Hmm.., not sure what's wrong with parsing mountinfo. Example code does
not look too bad. Also it mentions that libmount provides helpers
(if we don't want to write our own function to parse mountinfo).

I would think parsing mountinfo is a good idea because it solves
your problem of not wanting to open device nodes for mount_fds. And
in turn not relying on a fallback to O_PATH fds.

Few thoughts overall.

- We are primarily disagreeing on whether we should fallback to O_PATH
  fds or not if something goes wrong w.r.t handle generation.

  My preference is that atleast in the initial patches we should not try
  to fall back. EOPNOTSUPP is the only case we need to take care of.
  Otherwise if there is any temporary error (EMOMEM, running out of
  fds or something else), we return it to the caller. That's what
  rest of the code is doing. If some operation fails due to some
  temporary error (say ENOMEM), we return error to the caller.

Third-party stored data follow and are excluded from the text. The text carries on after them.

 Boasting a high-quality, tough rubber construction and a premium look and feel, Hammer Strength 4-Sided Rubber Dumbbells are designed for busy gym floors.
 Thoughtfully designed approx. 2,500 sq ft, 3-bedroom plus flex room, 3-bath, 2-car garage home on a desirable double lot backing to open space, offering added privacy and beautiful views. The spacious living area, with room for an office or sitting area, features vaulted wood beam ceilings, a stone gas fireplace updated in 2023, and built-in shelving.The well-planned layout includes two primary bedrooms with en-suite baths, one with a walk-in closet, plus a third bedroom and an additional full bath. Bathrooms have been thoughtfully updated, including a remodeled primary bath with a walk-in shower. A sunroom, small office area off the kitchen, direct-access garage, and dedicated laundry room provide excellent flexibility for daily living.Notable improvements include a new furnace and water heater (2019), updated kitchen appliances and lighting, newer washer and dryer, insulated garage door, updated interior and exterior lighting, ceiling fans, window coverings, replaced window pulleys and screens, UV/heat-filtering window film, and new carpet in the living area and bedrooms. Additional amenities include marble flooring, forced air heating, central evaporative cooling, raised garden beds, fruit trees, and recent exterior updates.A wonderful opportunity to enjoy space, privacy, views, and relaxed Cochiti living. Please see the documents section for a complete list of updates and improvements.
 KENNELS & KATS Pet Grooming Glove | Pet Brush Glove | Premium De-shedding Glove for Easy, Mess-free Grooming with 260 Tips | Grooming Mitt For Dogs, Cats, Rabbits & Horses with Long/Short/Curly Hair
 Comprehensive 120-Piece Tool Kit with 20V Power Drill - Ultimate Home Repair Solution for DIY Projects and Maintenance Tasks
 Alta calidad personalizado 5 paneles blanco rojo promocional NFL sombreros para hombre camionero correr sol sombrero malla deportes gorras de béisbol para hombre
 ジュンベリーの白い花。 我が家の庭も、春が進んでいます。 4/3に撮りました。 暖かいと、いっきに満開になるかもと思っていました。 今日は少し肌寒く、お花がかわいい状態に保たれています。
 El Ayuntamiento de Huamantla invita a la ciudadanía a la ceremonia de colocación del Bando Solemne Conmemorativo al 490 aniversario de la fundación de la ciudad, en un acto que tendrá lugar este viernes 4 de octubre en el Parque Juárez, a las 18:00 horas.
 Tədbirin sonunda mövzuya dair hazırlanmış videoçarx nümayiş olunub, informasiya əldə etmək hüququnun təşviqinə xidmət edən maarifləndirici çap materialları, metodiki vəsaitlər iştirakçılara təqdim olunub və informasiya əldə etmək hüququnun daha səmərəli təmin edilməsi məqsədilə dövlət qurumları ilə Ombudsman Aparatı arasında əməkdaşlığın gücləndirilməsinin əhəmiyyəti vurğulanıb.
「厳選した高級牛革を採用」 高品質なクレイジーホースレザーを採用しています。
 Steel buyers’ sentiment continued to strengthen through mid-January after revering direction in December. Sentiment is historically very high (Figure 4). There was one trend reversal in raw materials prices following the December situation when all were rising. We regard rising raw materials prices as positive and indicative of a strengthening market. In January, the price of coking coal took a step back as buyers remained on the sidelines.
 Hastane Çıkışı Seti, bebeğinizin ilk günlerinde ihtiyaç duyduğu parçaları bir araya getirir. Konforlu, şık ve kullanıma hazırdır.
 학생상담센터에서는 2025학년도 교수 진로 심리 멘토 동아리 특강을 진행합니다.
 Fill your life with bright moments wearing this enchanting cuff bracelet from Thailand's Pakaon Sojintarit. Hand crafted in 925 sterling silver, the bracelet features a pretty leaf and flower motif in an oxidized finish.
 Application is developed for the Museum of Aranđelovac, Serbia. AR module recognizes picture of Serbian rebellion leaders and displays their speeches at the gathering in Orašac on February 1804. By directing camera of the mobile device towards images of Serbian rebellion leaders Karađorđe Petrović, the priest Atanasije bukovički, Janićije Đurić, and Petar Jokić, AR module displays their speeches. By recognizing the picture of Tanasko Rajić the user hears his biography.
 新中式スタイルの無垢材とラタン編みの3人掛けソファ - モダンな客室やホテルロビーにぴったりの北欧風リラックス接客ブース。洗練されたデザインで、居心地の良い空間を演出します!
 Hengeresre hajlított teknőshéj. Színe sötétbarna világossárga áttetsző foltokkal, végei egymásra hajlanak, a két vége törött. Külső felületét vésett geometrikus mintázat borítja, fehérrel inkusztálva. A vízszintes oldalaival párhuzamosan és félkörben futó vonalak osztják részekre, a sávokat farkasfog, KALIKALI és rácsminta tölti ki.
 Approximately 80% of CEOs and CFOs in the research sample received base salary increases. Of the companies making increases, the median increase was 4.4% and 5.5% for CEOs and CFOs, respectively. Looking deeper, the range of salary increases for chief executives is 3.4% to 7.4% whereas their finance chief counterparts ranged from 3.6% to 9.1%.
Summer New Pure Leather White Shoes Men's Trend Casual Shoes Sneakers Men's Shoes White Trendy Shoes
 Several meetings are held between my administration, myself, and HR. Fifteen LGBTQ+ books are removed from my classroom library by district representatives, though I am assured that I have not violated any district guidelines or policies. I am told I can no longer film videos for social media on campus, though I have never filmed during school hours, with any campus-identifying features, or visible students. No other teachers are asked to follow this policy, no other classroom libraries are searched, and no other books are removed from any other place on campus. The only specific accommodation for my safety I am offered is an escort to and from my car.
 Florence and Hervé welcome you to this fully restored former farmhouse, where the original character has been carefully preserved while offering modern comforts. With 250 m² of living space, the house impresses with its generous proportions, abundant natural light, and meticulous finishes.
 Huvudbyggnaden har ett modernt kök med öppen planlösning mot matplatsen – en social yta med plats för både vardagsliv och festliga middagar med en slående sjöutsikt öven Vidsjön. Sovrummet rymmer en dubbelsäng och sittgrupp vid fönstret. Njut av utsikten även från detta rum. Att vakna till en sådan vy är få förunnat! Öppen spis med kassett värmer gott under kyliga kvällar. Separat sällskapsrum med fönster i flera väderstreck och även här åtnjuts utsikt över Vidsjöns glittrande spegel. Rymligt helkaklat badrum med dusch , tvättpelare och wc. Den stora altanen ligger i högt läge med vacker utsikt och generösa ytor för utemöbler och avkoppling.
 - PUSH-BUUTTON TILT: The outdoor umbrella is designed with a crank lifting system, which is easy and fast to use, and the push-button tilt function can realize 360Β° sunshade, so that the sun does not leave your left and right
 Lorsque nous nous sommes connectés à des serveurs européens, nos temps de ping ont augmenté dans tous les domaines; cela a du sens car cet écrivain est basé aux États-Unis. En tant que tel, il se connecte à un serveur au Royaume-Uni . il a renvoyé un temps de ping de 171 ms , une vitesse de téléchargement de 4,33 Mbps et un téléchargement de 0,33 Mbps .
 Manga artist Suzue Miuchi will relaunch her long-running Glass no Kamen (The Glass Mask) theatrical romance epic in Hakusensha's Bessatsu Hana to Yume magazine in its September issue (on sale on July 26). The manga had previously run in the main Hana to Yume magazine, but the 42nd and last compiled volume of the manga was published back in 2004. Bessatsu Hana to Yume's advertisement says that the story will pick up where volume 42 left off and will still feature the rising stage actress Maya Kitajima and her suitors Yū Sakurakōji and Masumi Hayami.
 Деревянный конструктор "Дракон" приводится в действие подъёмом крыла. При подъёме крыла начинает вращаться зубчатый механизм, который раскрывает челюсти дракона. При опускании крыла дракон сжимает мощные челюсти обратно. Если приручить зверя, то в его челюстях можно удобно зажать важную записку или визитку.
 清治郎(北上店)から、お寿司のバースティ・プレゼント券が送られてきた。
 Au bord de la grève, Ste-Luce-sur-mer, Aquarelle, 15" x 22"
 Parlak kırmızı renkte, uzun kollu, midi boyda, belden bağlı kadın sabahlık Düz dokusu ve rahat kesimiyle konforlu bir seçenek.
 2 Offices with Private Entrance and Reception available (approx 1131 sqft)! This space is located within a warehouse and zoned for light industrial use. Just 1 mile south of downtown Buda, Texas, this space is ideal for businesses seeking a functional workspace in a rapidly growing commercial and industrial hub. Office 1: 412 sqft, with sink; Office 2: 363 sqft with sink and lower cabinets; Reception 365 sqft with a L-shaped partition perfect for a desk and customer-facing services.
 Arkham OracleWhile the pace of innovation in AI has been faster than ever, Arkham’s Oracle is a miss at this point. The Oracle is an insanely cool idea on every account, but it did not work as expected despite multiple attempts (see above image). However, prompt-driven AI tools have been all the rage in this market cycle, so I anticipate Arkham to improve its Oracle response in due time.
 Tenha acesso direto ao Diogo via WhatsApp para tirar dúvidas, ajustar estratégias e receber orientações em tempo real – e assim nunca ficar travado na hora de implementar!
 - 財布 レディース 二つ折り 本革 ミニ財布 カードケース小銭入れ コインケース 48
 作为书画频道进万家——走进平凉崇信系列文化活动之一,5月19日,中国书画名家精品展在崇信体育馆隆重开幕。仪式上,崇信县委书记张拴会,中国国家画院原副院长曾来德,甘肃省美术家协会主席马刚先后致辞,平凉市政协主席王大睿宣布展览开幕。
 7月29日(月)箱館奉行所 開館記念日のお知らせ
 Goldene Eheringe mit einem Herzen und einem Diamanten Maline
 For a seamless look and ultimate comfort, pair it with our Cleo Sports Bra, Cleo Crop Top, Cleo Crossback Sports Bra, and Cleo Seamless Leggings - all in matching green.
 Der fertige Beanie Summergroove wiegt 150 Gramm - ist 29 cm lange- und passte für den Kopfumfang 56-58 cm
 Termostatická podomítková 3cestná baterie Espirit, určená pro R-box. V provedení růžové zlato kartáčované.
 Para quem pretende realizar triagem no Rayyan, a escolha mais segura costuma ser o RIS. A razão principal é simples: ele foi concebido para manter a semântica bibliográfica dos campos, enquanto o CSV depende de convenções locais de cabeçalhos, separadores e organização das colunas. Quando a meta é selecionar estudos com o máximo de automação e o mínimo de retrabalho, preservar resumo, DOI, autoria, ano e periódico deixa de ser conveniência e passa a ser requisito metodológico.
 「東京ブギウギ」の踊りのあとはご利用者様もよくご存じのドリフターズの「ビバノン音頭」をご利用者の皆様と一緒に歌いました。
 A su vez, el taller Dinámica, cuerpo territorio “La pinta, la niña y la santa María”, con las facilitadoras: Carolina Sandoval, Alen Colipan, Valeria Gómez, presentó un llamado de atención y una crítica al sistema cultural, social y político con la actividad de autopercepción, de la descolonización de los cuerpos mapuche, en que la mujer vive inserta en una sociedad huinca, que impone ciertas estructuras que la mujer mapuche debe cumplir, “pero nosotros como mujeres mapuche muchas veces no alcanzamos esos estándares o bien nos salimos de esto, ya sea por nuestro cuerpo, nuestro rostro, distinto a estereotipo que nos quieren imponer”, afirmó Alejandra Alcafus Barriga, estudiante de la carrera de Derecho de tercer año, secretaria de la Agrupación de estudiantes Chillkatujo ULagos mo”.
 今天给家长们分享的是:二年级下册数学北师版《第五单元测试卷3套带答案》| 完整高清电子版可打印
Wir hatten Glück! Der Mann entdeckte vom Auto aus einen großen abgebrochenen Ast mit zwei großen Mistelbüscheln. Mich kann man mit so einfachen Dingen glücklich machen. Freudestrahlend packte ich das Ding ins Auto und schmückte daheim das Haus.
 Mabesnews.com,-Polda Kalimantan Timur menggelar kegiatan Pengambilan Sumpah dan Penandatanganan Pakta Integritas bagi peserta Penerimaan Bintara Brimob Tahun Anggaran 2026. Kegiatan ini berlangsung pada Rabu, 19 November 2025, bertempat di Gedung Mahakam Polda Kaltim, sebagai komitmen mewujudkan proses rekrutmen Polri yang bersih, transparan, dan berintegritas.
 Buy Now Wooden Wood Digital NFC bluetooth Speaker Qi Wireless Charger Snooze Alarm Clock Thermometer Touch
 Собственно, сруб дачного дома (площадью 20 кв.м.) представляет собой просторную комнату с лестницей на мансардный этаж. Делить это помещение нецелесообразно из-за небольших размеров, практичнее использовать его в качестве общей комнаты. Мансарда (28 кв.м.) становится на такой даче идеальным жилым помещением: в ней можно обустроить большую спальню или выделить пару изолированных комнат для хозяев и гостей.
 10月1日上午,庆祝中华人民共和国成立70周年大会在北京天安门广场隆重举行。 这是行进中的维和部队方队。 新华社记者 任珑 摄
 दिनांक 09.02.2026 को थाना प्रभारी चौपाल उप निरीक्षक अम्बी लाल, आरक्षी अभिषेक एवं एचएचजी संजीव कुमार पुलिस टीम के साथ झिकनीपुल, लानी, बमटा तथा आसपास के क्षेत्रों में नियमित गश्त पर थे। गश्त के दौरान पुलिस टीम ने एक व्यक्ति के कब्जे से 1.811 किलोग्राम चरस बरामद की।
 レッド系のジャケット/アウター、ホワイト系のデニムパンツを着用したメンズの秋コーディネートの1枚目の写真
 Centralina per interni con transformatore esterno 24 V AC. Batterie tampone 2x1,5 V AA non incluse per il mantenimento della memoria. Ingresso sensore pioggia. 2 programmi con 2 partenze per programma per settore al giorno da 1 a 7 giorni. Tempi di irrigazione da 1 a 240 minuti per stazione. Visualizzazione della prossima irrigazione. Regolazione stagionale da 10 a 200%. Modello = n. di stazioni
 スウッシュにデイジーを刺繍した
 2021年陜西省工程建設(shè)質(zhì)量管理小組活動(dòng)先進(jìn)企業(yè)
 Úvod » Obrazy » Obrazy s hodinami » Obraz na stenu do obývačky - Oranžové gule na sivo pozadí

- If above apporach creates problem, we can always add the fallback
  path later.

- If you have strong preference for fallback path, can we have it
  as last patch of the series and not bake it in from the beginning
  of the patch series.

- Even if we add fallback path, can we not make that assumption in
  other areas of the code. For example, can we not avoid parsing
  mountinfo to generate mount_fd, because we have a fallback path
  and we can afford to not generate handle. I mean if we were to
  remove fallback logic at some point of time, it will be much
  easier to do if dependency on this assumption did not spread
  too much.

Thanks
Vivek


> And as far as I understand,
> the only problem here is that we’ll have to cope with the fact that
> sometimes on lookups, we can generate a file handle, but the lo_inode we
> want to find has no file handle attached to it (because get_file_handle()
> failed the first time), and so we won’t find it by that handle but have to
> look it up by its inode ID. (Which is safe, because that lo_inode must have
> an O_PATH FD attached to it, so the inode ID cannot be reused.)  And that’s
> something that this series already does, so I tend to favor that over
> parsing mountinfo.

> 
> Max
>